Cassandra Fay Smith

1999 Wallace Fellow
Historian, Miniaturist, Writer
Detroit, Michigan

cassandrafaysmith.com

Research at AAS

My proposal was to research slave clothing to be used to costume miniature porcelain dolls, however my fellowship resulted in several museum installations including a miniature reproduction of George Washington’s plantation. The exhibition and lecture “Slavery and the Birth of the United States” was presented at Casa de Africa, Havana, Cuba, 2019. In addition, five books and a play are at various stages of completion using the research I began while working under the “Great Dome”. I received the fellowship at the beginning of my artistic career. It was the catalyst that merged scholarship and art.

In 1979 I left the PhD program at Howard University without completing the degree. I taught at Howard University and worked at the Smithsonian Institution, National Archives and National Park Service and was trained in Museum Administration at Colonial Williamsburg. With a B.A (University of Michigan) and ABD/PhD (Howard University) the Smithsonian Institution rejected my application for museum administration because I was “too good a researcher". I then earned a M.B.A. from the University of Southern California but when Coca-Cola recruited me I followed the money and didn’t return. In five years I hit the concrete ceiling and after ten years left to write.

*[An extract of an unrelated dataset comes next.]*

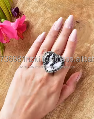 Best Selling Solid 925 Silver Plated Rhodium and Green Zebra Jasper Ring Adjustable Statement Jewelry Sterling Silver Gemstone

I combine firsthand accounts of slaves and free blacks with photos and present a narrative. Faceless stories and nameless faces. Historians research and then retell the story. I will not impose 21st century thinking and aesthetic upon 19th century people. No one can tell their story better than they can. My work is neither fiction nor nonfiction. It lies at the intersection of art and scholarship combining the principles and rigors of both to create an experience with history that the general public can enjoy.

I quickly realized that the collection was too immense to research in a month. First I researched slave clothing using family portraits that included slaves in the background along with the furniture and the dog. Slave nannies hold the baby still for photographs yielding a rich source of photos of slave women and girls. I used fashion magazines, plantation documents, runaway ads and firsthand accounts to costume the dolls accurately by decade, region and occupation. The term “negro cloth” was used in runaway ads to describe what fugitives were wearing. The fabric was so identifiable that it was never described. Negro cloth was manufactured in Massachusetts factories by the “Mill Girls”, an ironic link between two varieties of forced labor. Shoes and other plantation supplies were manufactured in Massachusetts.

The second week I selected four drawers from the card catalog. The drawers for “N” as in Negro and “S” as in slavery. I filled out dozens of call slips and in the evening sorted and prioritized the next day’s work. This slightly scholarly, slightly random approach yielded great results. I kept the call slips and used them on my second visit and again as the collection became available on the Internet.

During my 1999 fellowship there was one item that haunted and taunted me because I couldn’t figure out how to use it. It was an accounting ledger from the slave trading house of Dickerson and Hill Comp. Richmond, Virginia. The ledger listed the name, age, occupation and value of the slaves received that day on consignment. They were listed under the name of the owner who brought them for sale. Each day the ledger lists sales and who was purchased. This was merely a business document. I did not know how to use it. I did notice that each slave entered in a group and left in a different group. They entered the auction house with friends and family and left with strangers. Business was slow in December and closed on Christmas Day. This was the one day that nothing changed. The same people were together for 24 hours.

Twenty years after discovering the ledger, it became the basis of a stage play in progress, “Christmas Eve in the Negro Pen”. The doll house installations were exhibited in Chicago galleries and museums including the Museum Science and Industry and the Casa de Africa in Habana, Cuba. Thank you to the American Antiquarian Society for their early support and constant support of my desire to work from the viewpoint of African Americans and to present history in writing and three dimensional miniature format.

Click here to read an interview with Cassandra Fay Smith from the Sunday Telegram, Worcester, Massachusetts (1999). Cassandra Fay Smith's work also appeared in the February 1999 publication of Dollhouse Miniatures.

 

Other works-in-progress by Cassandra Fay Smith:

10 miles of Negroes
How African Americans Revolutionized the Civil War into a War to End Slavery

Where Were You When You Learned You Were Free? First Hand Accounts of the First Moments of Freedom

Bought, Sold, Transferred
The average slave changed owners three times in their lifetime separating them from family and friends and many stories of anxiety and heartbreak.

Mama Said
Every slave remembers the last time they saw their mother and the last thing she said to them. Includes stories of people who searched for their mothers after the War.